Write out, word for word and with no pictures, each line below from the one containing "La combinación perfecta" through the one containing "If using EZNEC+", both included, and no other line.

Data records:
* * *
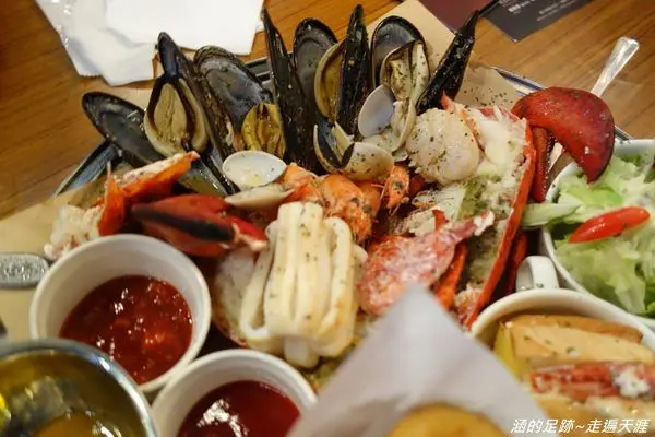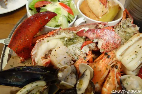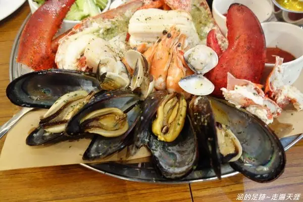 裡面有一隻波士頓龍蝦、淡菜、干貝、白蝦、蛤仔、墨魚。
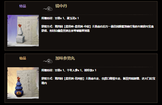 获取方式:于盘丝洞-花间桥,附近的大喜灯笼房间内,开箱获得丹方和丹药。
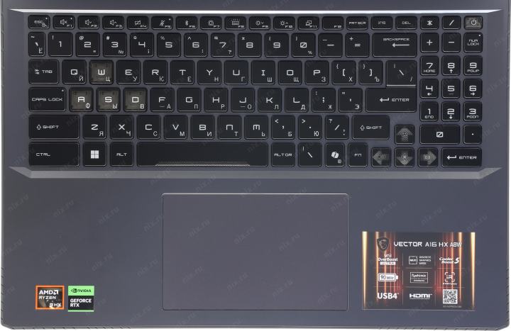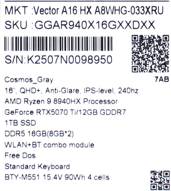 Ноутбук MSI Vector A16 HX A8WHG-033XRU серый AMD Ryzen 9 8940HX/16Gb/SSD1Tb/RTX5070Ti 12Gb/16"/IPS/WQXGA/2560x1600/240Hz/NoOS
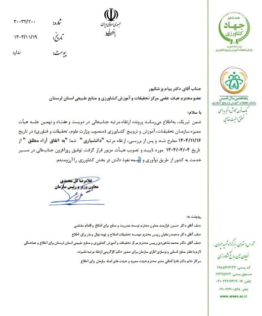 رتبه علمی پیام پزشکپور عضو هیئت علمی بخش تحقیقات علوم زراعی و باغی مرکز تحقیقات و آموزش کشاورزی و منابع طبیعی لرستان به مرتبه دانشیاری ارتقاء یافت
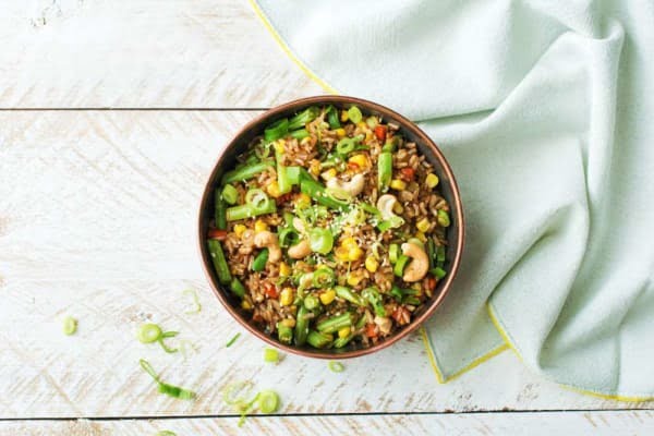 La combinación perfecta de arroz integral, frutos secos y verduras, una comida que desborda de energía. Llena de sabor y aromas gracias a la salsa de soja, jengibre y ajo. ¿Necesitás energía? Te tenemos cubierto.
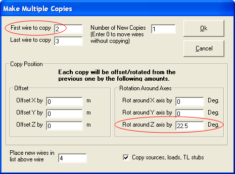 If using EZNEC+ or EZNEC Pro: In the Wires window, click on the menu item 'Wire' and then select Make Multiple Copies. In the dialog window that appears change the "First wire to copy" from 1 to 2. Change the "Rot around Z axis by" from 0 to 22.5. Click OK. Back in the wires window, add another new wire (6) going from w3e2 to w5e2. Then click the button on the left side of the wire 4 row to select the entire row. Hold down the Shift key and click the button to the left of the wire 5 row. With both wires 4 and 5 selected press the Delete key to remove those wires. What was wire 6 will become wire 4.
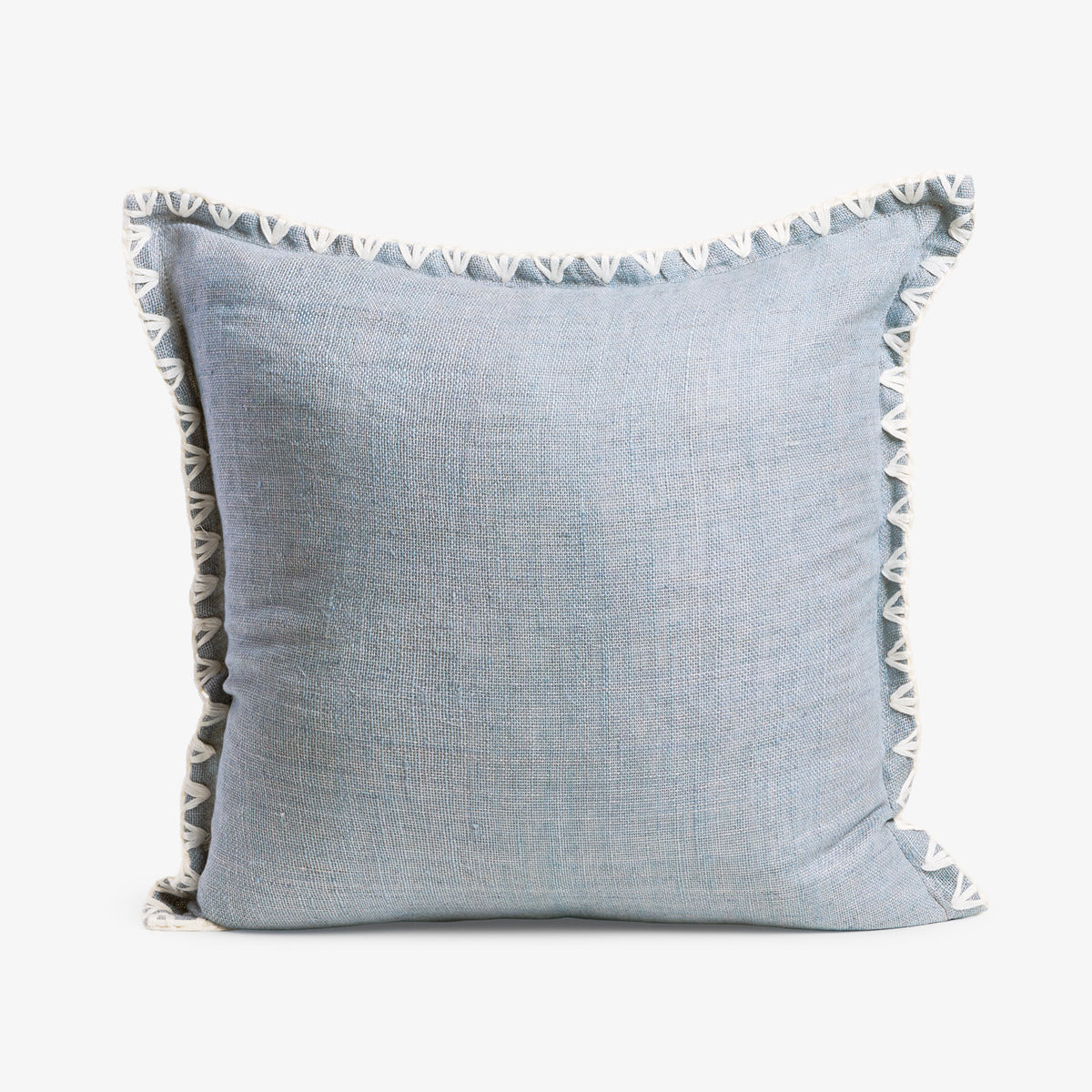 Crafted from 100% linen, this cushion features a gentle light blue tone complemented by a white reverse for a fresh, balanced look. The cream embroidered edge adds subtle texture and detail, enhancing its refined yet relaxed style.
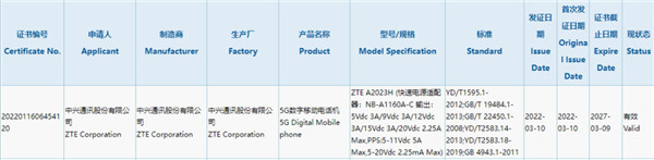 3 月 11 日消息,有网友发现,一款中兴 5G 新机刚通过了国家 3C 质量认证,型号为 ZTE A2023H,标配 NB-A1160A-C 充电器,支持最高 55W 快充。目前还无法确认该机属于哪个品牌或哪个系列。
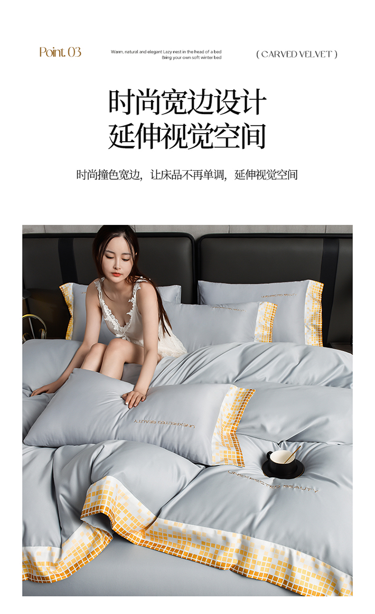 (总)米奈家居 2025新款贴边拼角100支新疆长绒棉四件套-诺拉,冰川蓝,豆蔻紫,落霞粉,奶杏棕,山茶红,松雾灰
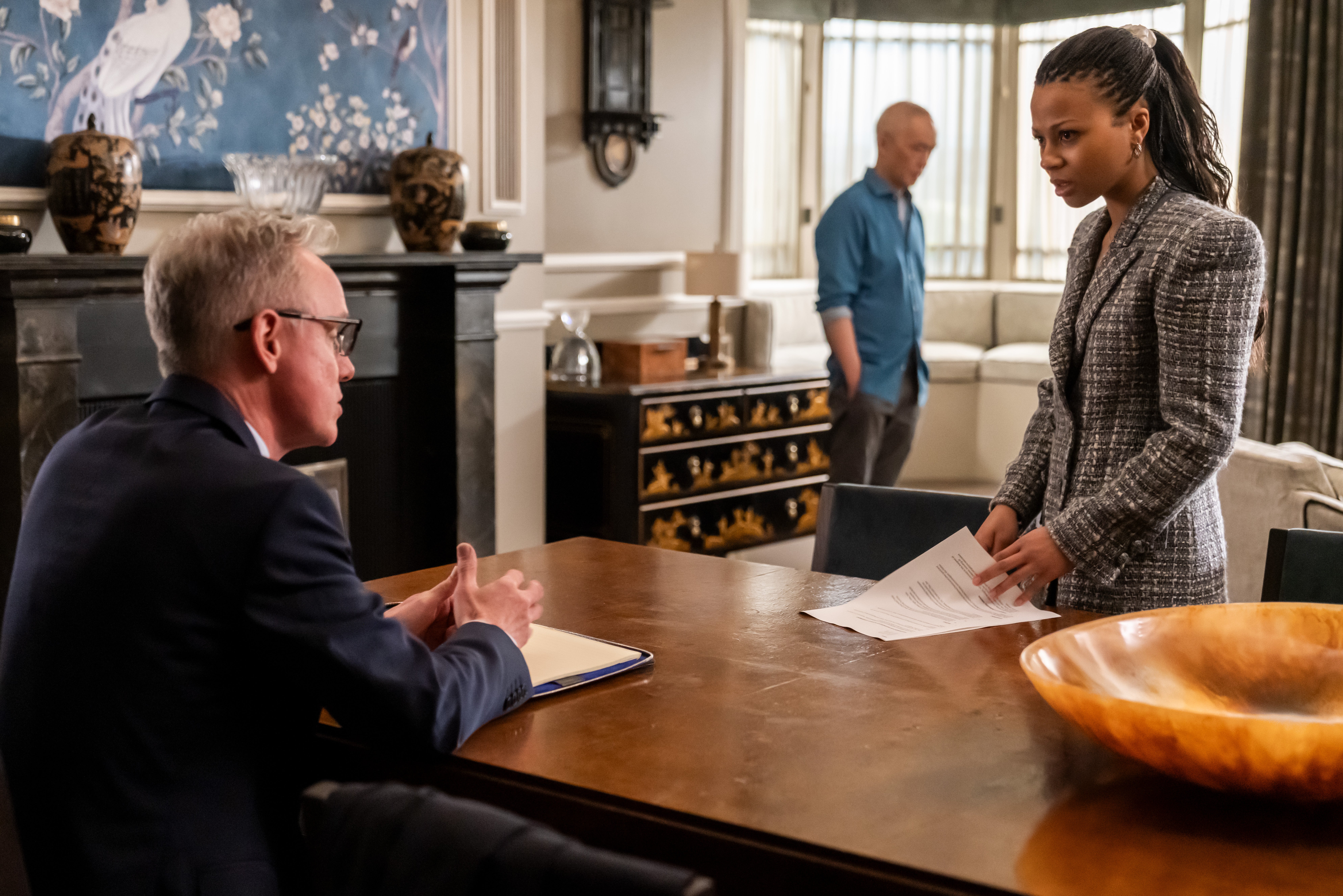Myha’la: I think Eric’s always been an idol of Harper’s. She comes in seeing a version of herself in him like, “This is what I could be.” And he feels like the only person who has the kind of volatile, dirty, scrappy energy towards finance, someone who will just support her, even if he’s not that way anymore. She’s like, “You get me. I know you’ll support me.” And when they don’t have the bank’s structure, then they can play out this pseudo-parental thingy without any prying eyes or [it being] an HR issue. But also, I think Harper is like, “Oh, it’s not like that. Let’s not go there explicitly because we know it’s happening, but let’s just not say it because the second we say [it], it’s going to ruin everything and we’re not going to be able to work together.” And she’s right. She turns out to be totally right.
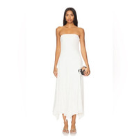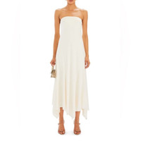 Description Strapless midi dress with asymmetrical hem. Shown here in Porcelain. 95% Viscose, 5% Spandex Made in China Model is 5'10" wearing size S Style No. 4034-17 Size Large New with tags $398
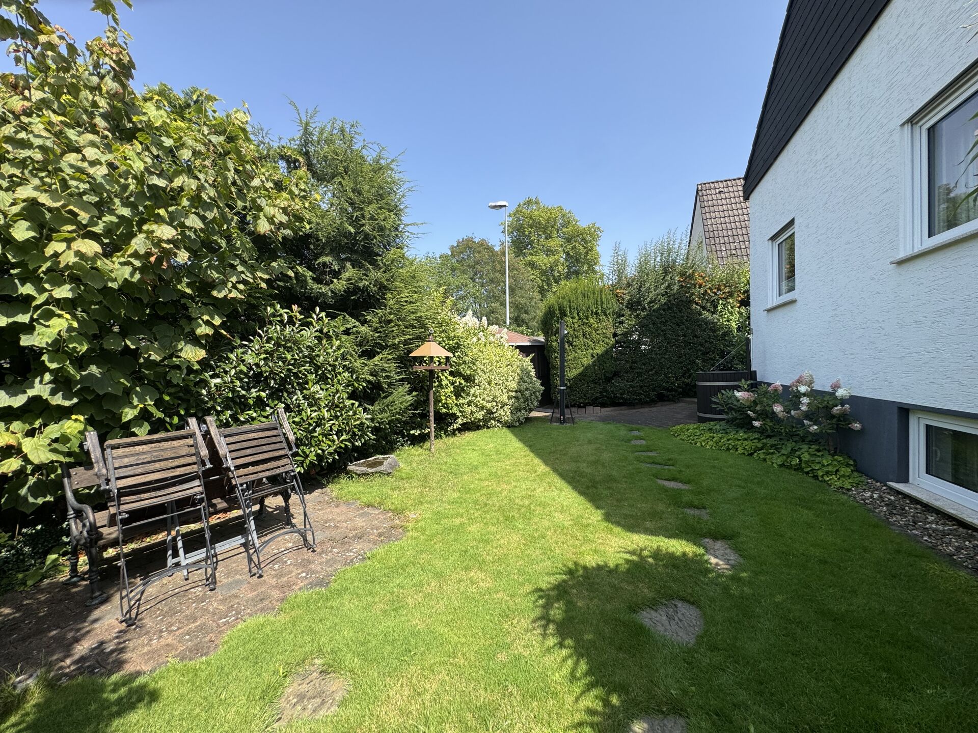 Auf einem großzügigen Grundstück von 361 m² genießen Sie in der schön gestalteten Außenanlage sowohl eine Terrasse als auch einen Balkon. Zwei Badezimmer sowie ein Gäste-WC bieten Komfort und Privatsphäre für alle Familienmitglieder. Die drei geräumigen Schlafzimmer laden nach einem langen Tag zum Entspannen ein.
* * *
### Solution for this problem:
 La combinación perfecta de arroz integral, frutos secos y verduras, una comida que desborda de energía. Llena de sabor y aromas gracias a la salsa de soja, jengibre y ajo. ¿Necesitás energía? Te tenemos cubierto.
 If using EZNEC+ or EZNEC Pro: In the Wires window, click on the menu item 'Wire' and then select Make Multiple Copies. In the dialog window that appears change the "First wire to copy" from 1 to 2. Change the "Rot around Z axis by" from 0 to 22.5. Click OK. Back in the wires window, add another new wire (6) going from w3e2 to w5e2. Then click the button on the left side of the wire 4 row to select the entire row. Hold down the Shift key and click the button to the left of the wire 5 row. With both wires 4 and 5 selected press the Delete key to remove those wires. What was wire 6 will become wire 4.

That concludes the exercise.